The reaction quotient, Q, is a measure of the relative amounts of products and reactants present during a reaction at any given point in time. It is calculated in the same way as the equilibrium constant, K, using the current concentrations of reactants and products. The value of Q is compared to K to predict which direction a reaction will proceed to reach equilibrium. If Q is less than K, the forward reaction will be favored to produce more products. Conversely, if Q is greater than K, the reaction will proceed in the reverse direction to produce more reactants. Understanding how to calculate and interpret Q can help assess the progress of a reaction and predict shifts in equilibrium in response to changes in concentration, pressure, or temperature.

Acid-Base Reactions

Acid-base reactions are a cornerstone of chemical equilibrium studies, typically involving the transfer of protons (H+) between reactant species. An acid will release H+ ions while a base will accept them. The strength of the acid or base in a given reaction influences the position of the equilibrium and is signified by its dissociation constant.

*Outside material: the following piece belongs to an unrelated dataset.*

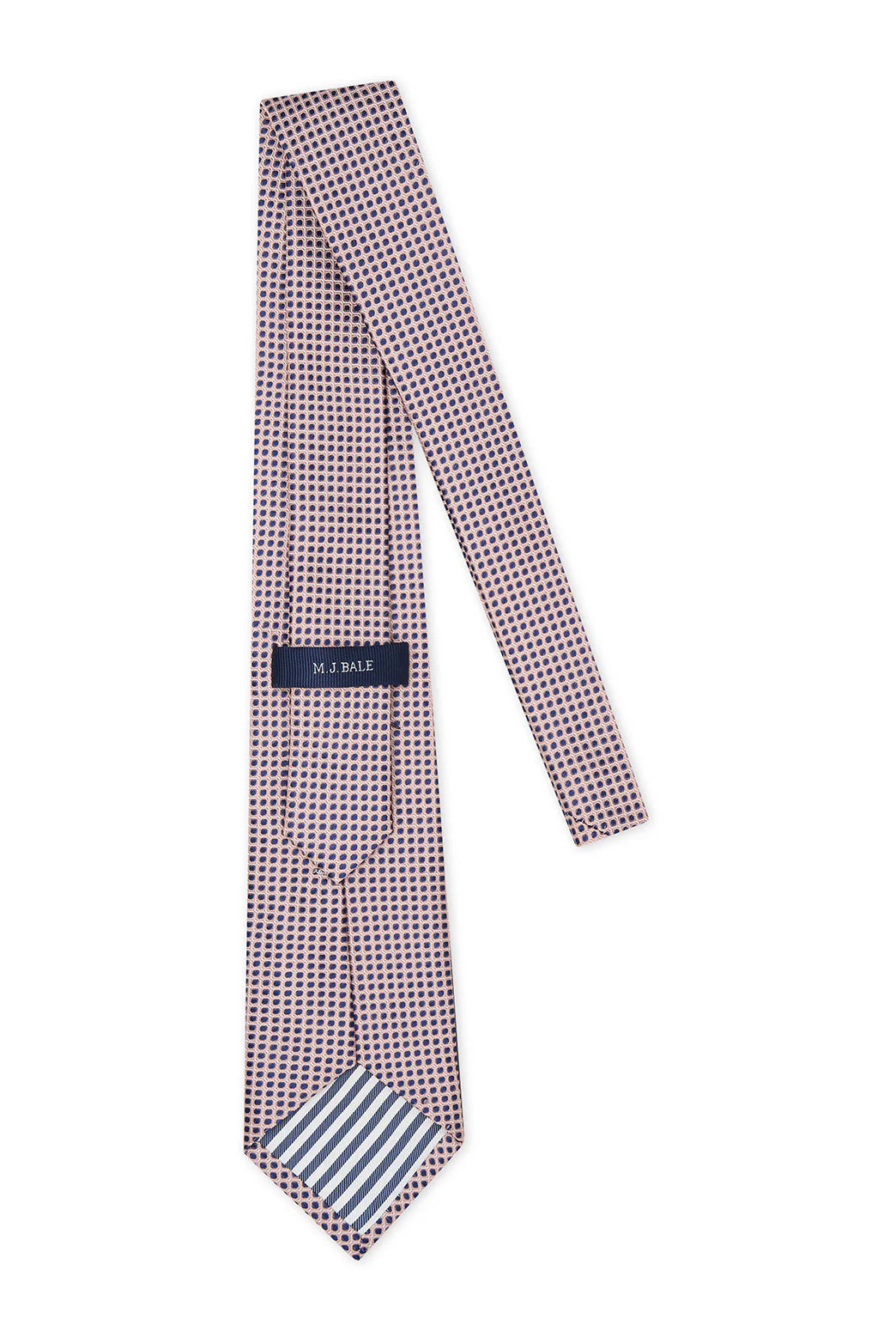 Crafted from pure silk, the M.J. Bale Chadwick Silk Tie in Navy Pink features an intricate geometric pattern that blends refined navy and soft pink tones. Perfect for adding a sophisticated pop of colour to formal and business attire, this tie offers a polished finish with a luxurious sheen.
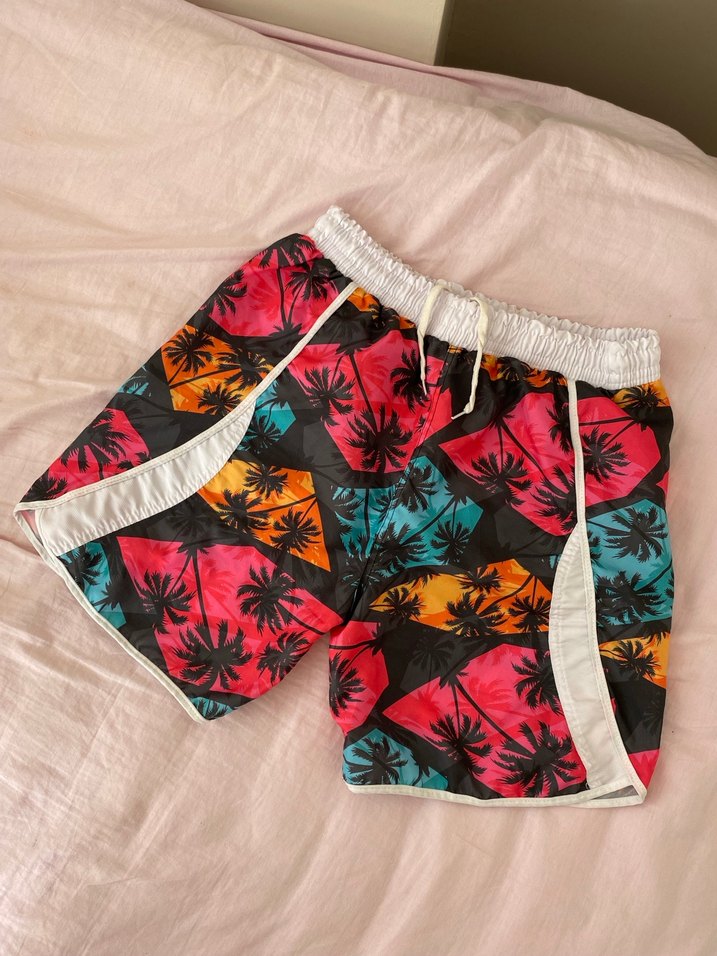 Renkli palmiyeli desenli ve lastikli bel bantlı mayo şort. Rahat ve bol kesim, plaj için uygun.

In our exercise, we analyzed acid-base equilibria involving bicarbonate and ammonium. Understanding the nature of these reactants, aided by their dissociation constants, we can calculate the equilibrium constants for their reactions. Notably, these reactions are crucial in many biological and environmental systems, including buffering systems in blood and soil pH management.